AVAILABLE DATA Start Marker

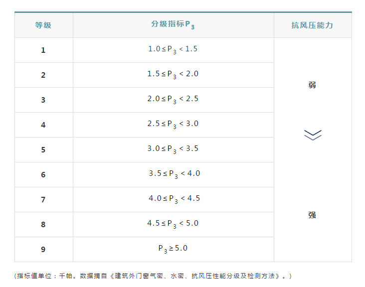 抗風(fēng)壓性能是指關(guān)閉著的外(門)窗在風(fēng)壓作用下,不發(fā)生損壞和功能障礙的能力。抗風(fēng)壓性能一共分為9個等級,等級越高代表其抗風(fēng)壓能力就越強(qiáng)。值得注意的是,抗風(fēng)壓性能等級并不等同于臺風(fēng)等級。抗風(fēng)壓性能9級表示窗戶可承受5000pa以上的風(fēng)壓,但不能簡單對應(yīng)同樣的臺風(fēng)等級。
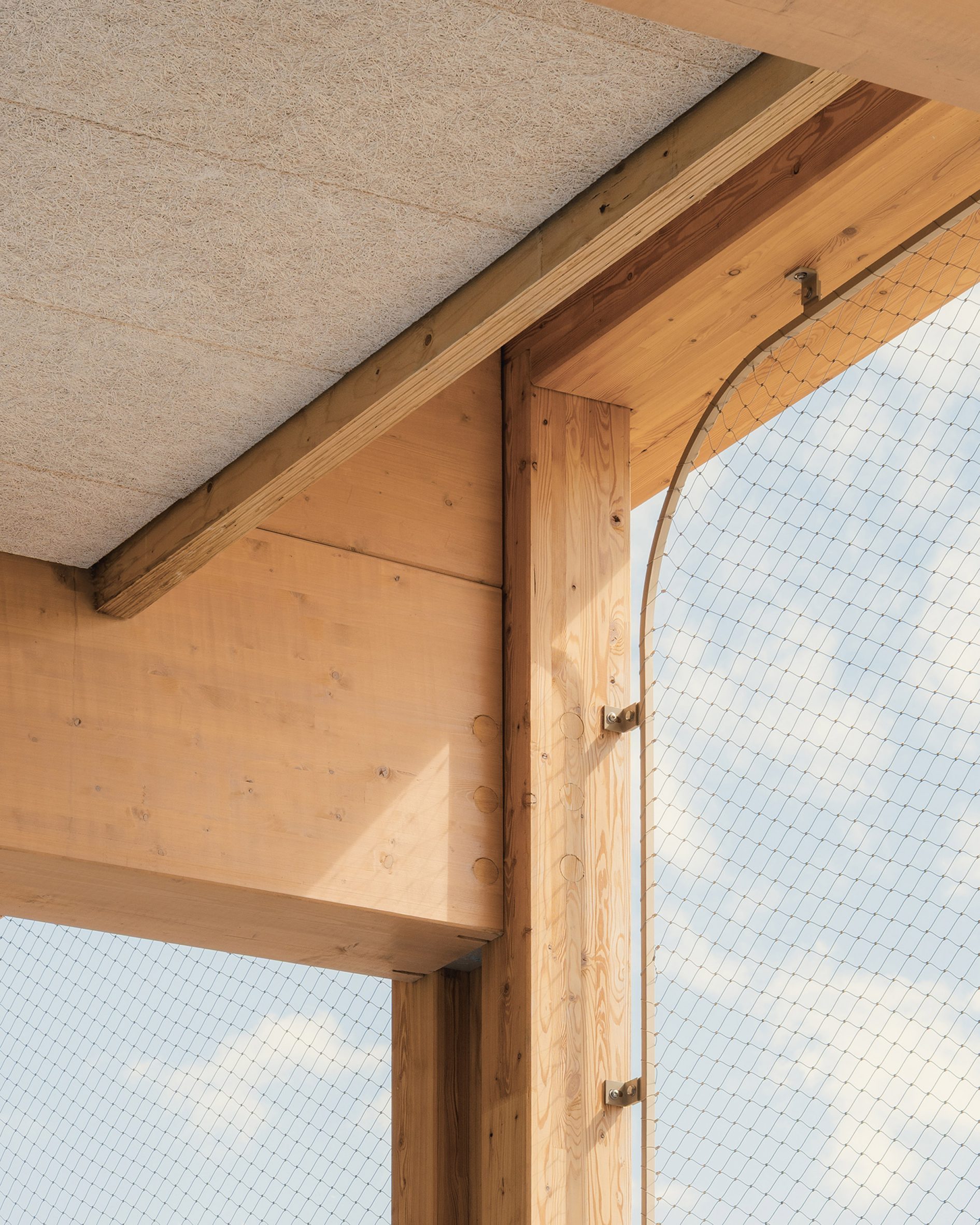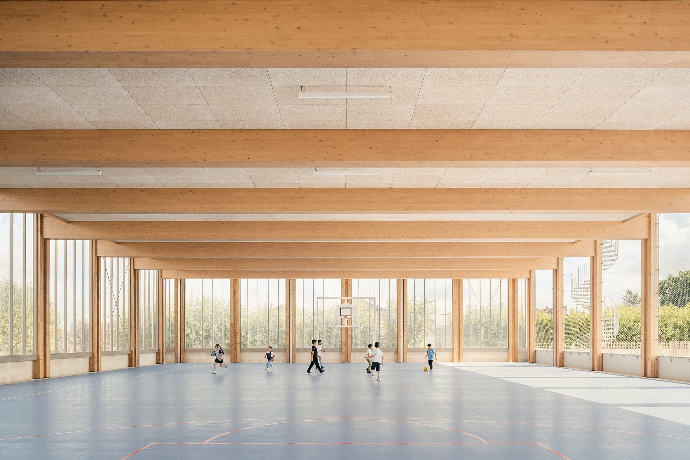 На крыше этой несущей конструкции из камня и дерева школы в Франции расположена спортивная площадка. В школе Groupe Scolaire Simone Veil, расположенной в парижском пригороде Трембле-ан-Франс, на площади 2400 м2 находятся восемь классных комнат, столовая, административные помещения, а также спортивная площадка, которой пользуются местные общественные организации. Архитектурное бюро Le Penhuel & Associés из Парижа использовало для строительства школы палитру биоматериалов, в том числе древесину, местный известняк и глиняный кирпич, что отражает их убеждение в том, что образовательные учреждения должны демонстрировать экологичные методы строительства.
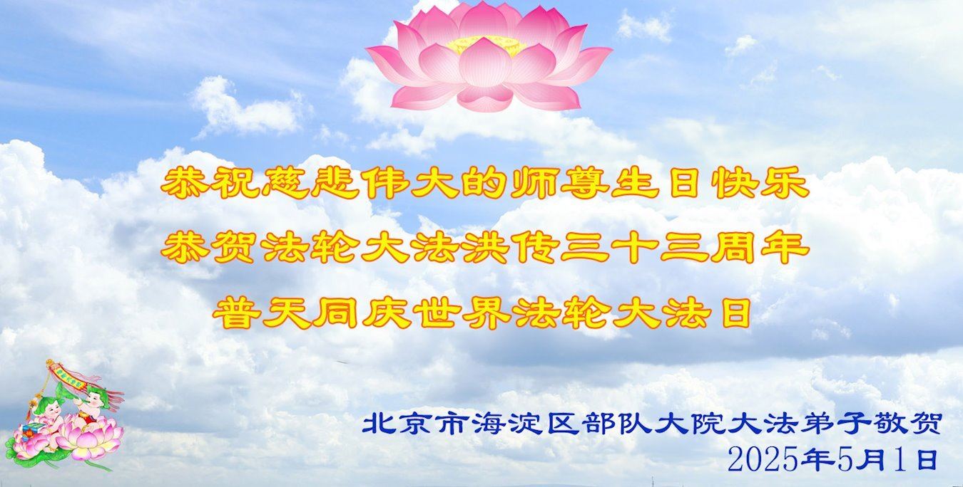 Praktikanti iz zračne baze u Pekingu su napisali: „Na dan kada svi slave Falun Dafa, iskreno želimo Učitelju sretan rođendan. Uprkos progonu od strane Komunističke partije Kine, čvrsto vjerujemo u Učitelja i Fa i dobro ćemo činiti tri stvari kako bismo spasili više ljudi. Učitelju, uvjeravamo vas u to.“
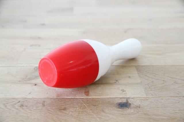 ボウリングのピンの形をしており、赤と白のプラスチック製で、海賊のキャラクター「Jolly Wally」が描かれています。
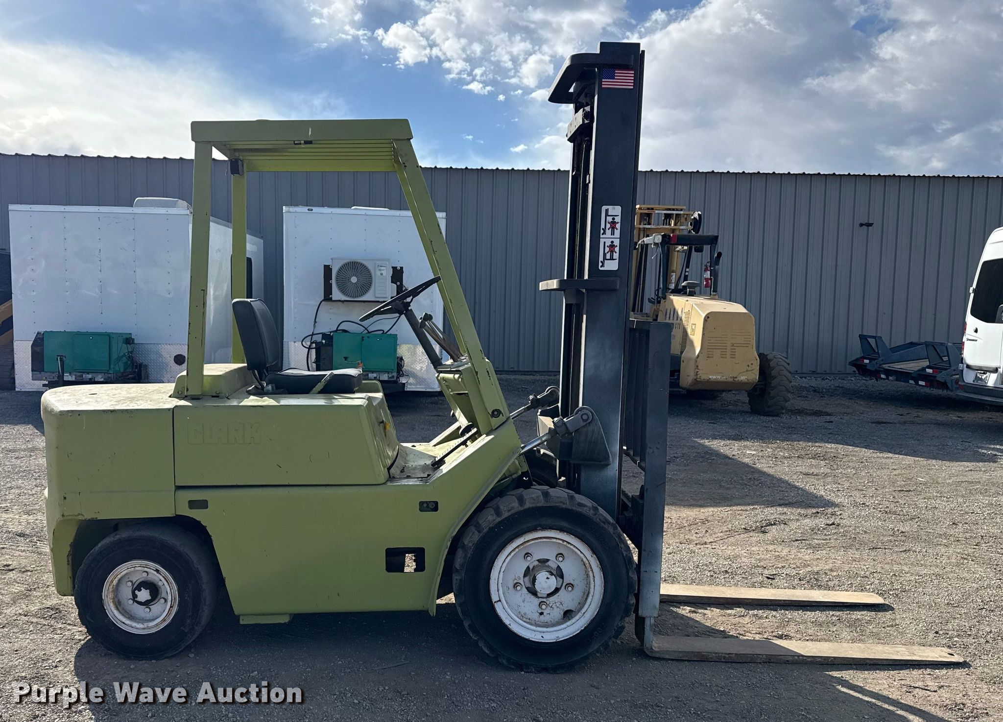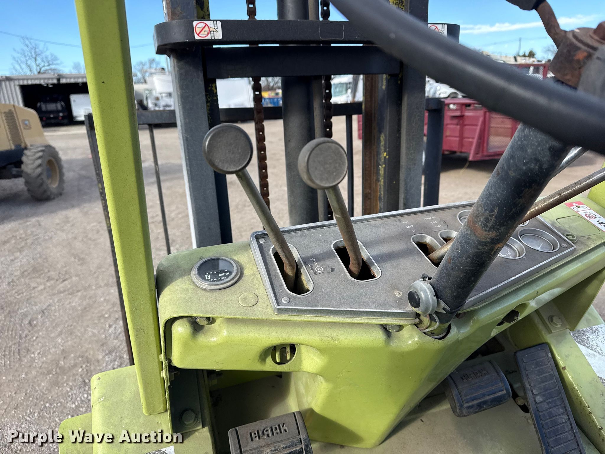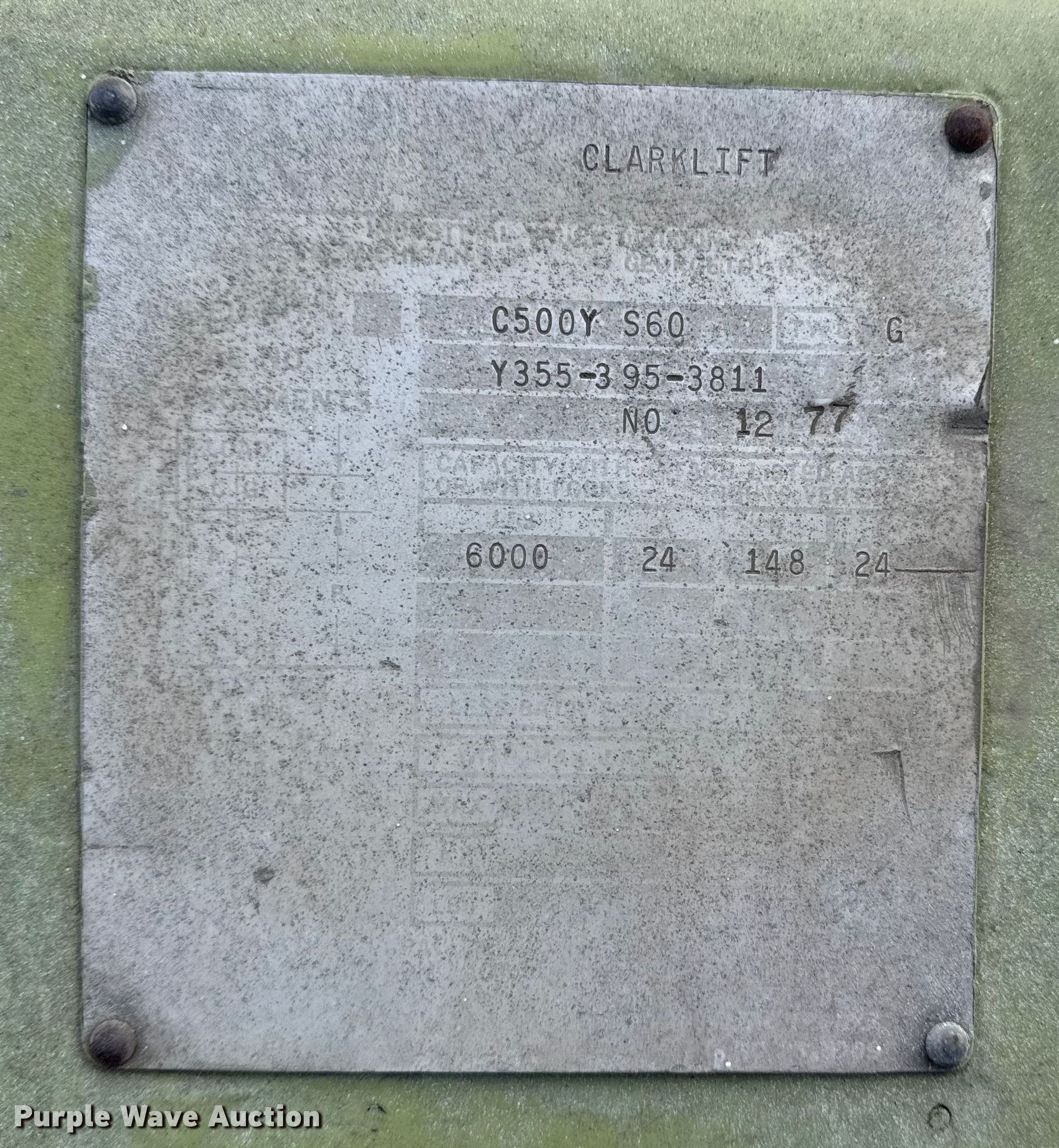 Purple Wave is selling a used Cushion Tire or Pneumatic Forklift in Oklahoma. This item is a Clark C500Y S60 forklift with the following: Hours: 3,291 on meter, Serial: Y355-395-3811, Unit #:

AVAILABLE DATA End Marker

**YOUR ASSIGNMENT**. Copy the lines exactly as they appear from the opening of the entries above through the line with "ボウリングのピンの形をしてお", excluding all pictures.

**TASK RESULT**.
 抗風(fēng)壓性能是指關(guān)閉著的外(門)窗在風(fēng)壓作用下,不發(fā)生損壞和功能障礙的能力。抗風(fēng)壓性能一共分為9個等級,等級越高代表其抗風(fēng)壓能力就越強(qiáng)。值得注意的是,抗風(fēng)壓性能等級并不等同于臺風(fēng)等級。抗風(fēng)壓性能9級表示窗戶可承受5000pa以上的風(fēng)壓,但不能簡單對應(yīng)同樣的臺風(fēng)等級。
 На крыше этой несущей конструкции из камня и дерева школы в Франции расположена спортивная площадка. В школе Groupe Scolaire Simone Veil, расположенной в парижском пригороде Трембле-ан-Франс, на площади 2400 м2 находятся восемь классных комнат, столовая, административные помещения, а также спортивная площадка, которой пользуются местные общественные организации. Архитектурное бюро Le Penhuel & Associés из Парижа использовало для строительства школы палитру биоматериалов, в том числе древесину, местный известняк и глиняный кирпич, что отражает их убеждение в том, что образовательные учреждения должны демонстрировать экологичные методы строительства.
 Praktikanti iz zračne baze u Pekingu su napisali: „Na dan kada svi slave Falun Dafa, iskreno želimo Učitelju sretan rođendan. Uprkos progonu od strane Komunističke partije Kine, čvrsto vjerujemo u Učitelja i Fa i dobro ćemo činiti tri stvari kako bismo spasili više ljudi. Učitelju, uvjeravamo vas u to.“
 ボウリングのピンの形をしており、赤と白のプラスチック製で、海賊のキャラクター「Jolly Wally」が描かれています。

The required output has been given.